:: WORK REQUIRED ::
Copy the opening lines of the listing exactly, through and including the line with "Our White Shaker"; do not copy any pictures.
━━━━━ EXERCISE DATA
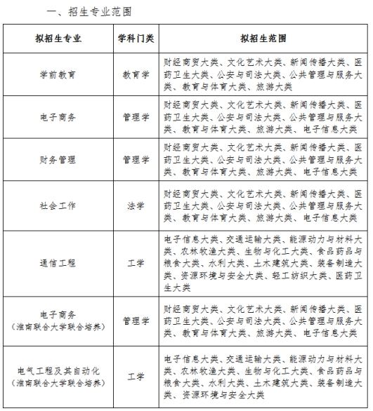 淮南师范学院2023年普通高校专升本拟招生方案的通知
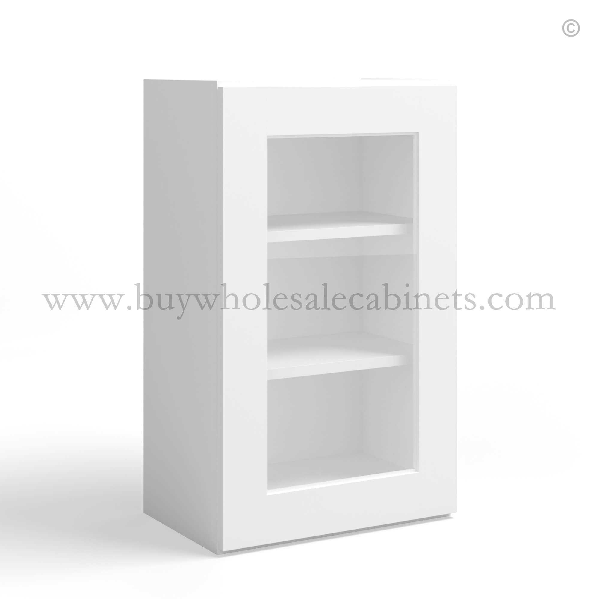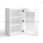 Our White Shaker 36 H Single Door Wall Cabinet with Glass Door is 36″ tall, 12″ deep and available in 2 widths (15″, 18″).
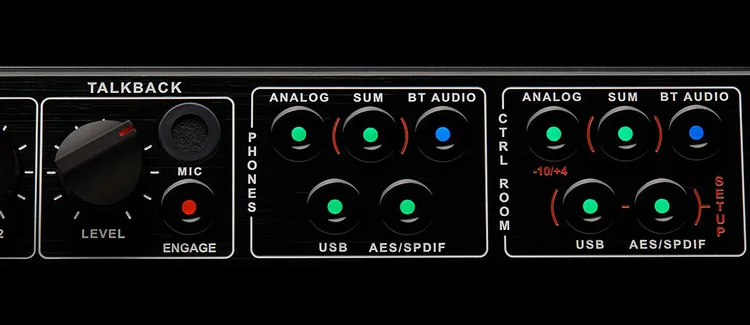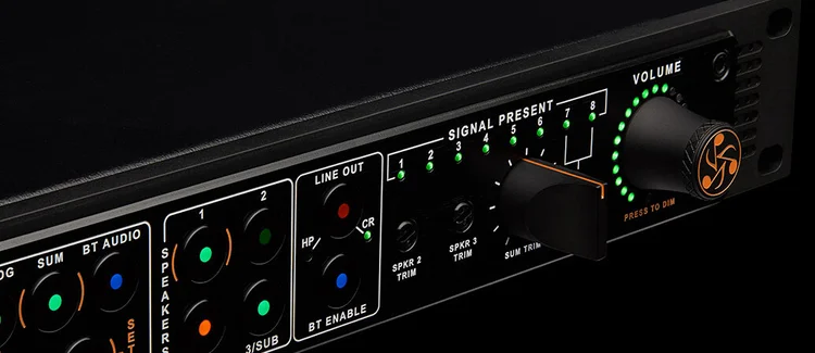 Like a large console’s center section, the D-BOX+ provides elaborate routing and switching of your studio’s inputs and outputs, both analog and digital. At the push of a button, you can select from five input sources: analog stereo, the onboard analog summing mixer, USB, AES/SPDIF and brand new for the D-BOX+, a wireless Bluetooth stream from any Bluetooth-enabled device. Outputs include three stereo speaker ports, and these can be programmed to be mono and/or to include a subwoofer. Further, you can use output 3 as source for an independent sub with individual level and mute control.
━━━━━━━━━━
:: WRITTEN ANSWER ::
 淮南师范学院2023年普通高校专升本拟招生方案的通知
 Our White Shaker 36 H Single Door Wall Cabinet with Glass Door is 36″ tall, 12″ deep and available in 2 widths (15″, 18″).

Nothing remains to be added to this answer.